Clark turned sharply.
“Eh?” said he, “did you have a hand in this, too?”
“Peste!” cried the Captain, “the little ferret—you call him—he find me on the prairie. I run to catch him with some men and fall into the crick—” he pointed to his soaked leggings, “and your demons, they fall on top of me.”
“I wish to heaven you had caught Lamothe instead, Davy,” said the Colonel, and joined despite himself in the laugh that went up. Falling sober again, he began to question the prisoner. Where was Lamothe? Pardieu, Maisonville could not say. How many men did he have, etc., etc.? The circle about us deepened with eager listeners, who uttered exclamations when Maisonville, between his answers, put up his hand to his bleeding head. Suddenly the circle parted, and Captain Bowman came through.
“Ray has discovered Lamothe, sir,” said he. “What shall we do?”
“Let him into the fort,” said Clark, instantly.
There was a murmur of astonished protest.
“Let him into the fort!” exclaimed Bowman.
“Certainly,” said the Colonel; “if he finds he cannot get in, he will be off before the dawn to assemble the tribes.”
“But the fort is provisioned for a month,” Bowman expostulated; “and they must find out to-morrow how weak we are.”
“To-morrow will be too late,” said Clark.
“And suppose he shouldn’t go in?”
“He will go in,” said the Colonel, quietly. “Withdraw your men, Captain, from the north side.”
Captain Bowman departed. Whatever he may have thought of these orders, he was too faithful a friend of the Colonel’s to delay their execution. Murmuring, swearing oaths of astonishment, man after man on the firing line dropped his rifle at the word, and sullenly retreated. The crack, crack of the Deckards on the south and east were stilled; not a barrel was thrust by the weary garrison through the logs, and the place became silent as the wilderness. It was the long hour before the dawn. And as we lay waiting on the hard ground, stiff and cold and hungry, talking in whispers, somewhere near six of the clock on that February morning the great square of Fort Sackville began to take shape. There was the long line of the stockade, the projecting blockhouses at each corner with peaked caps, and a higher capped square tower from the centre of the enclosure, the banner of England drooping there and clinging forlorn to its staff, as though with a presentiment. Then, as the light grew, the close-lipped casements were seen, scarred with our bullets. The little log houses of the town came out, the sapling palings and the bare trees,—all grim and gaunt at that cruel season.

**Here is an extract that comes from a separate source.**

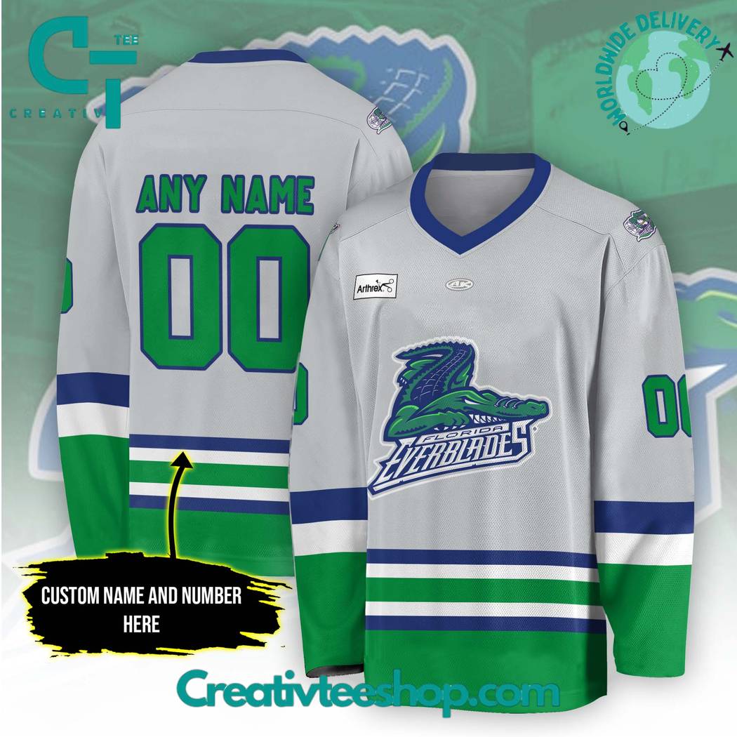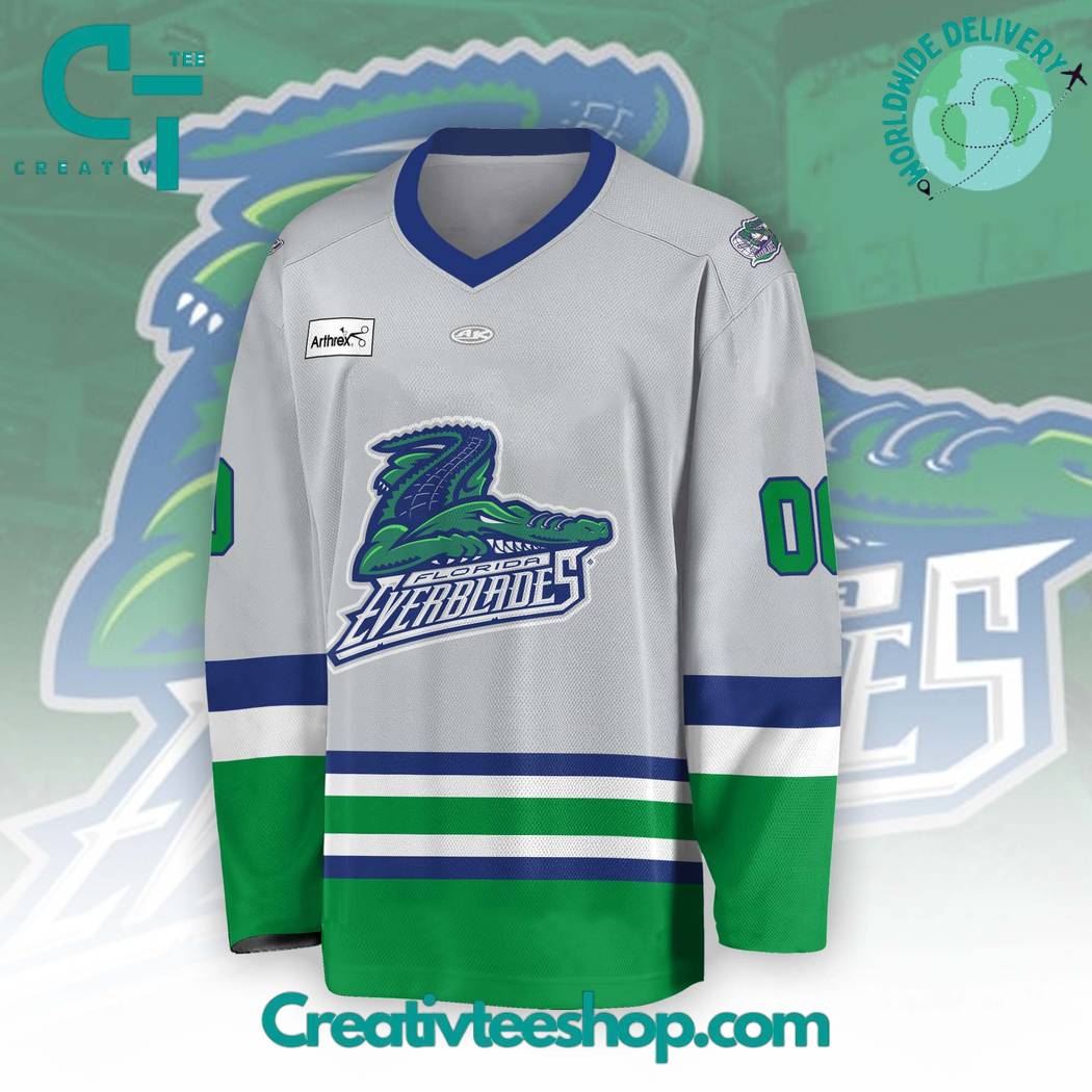 Be the first to review “Echl Florida Everblades Grey Hockey Jersey”

Cattle lowed here and there, and horses whinnied to be fed.
It was a dirty, gray dawn, and we waited until it had done its best. From where we lay hid behind log house and palings we strained our eyes towards the prairie to see if Lamothe would take the bait, until our view was ended at the fuzzy top of a hillock. Bill Cowan, doubled up behind a woodpile and breathing heavily, nudged me.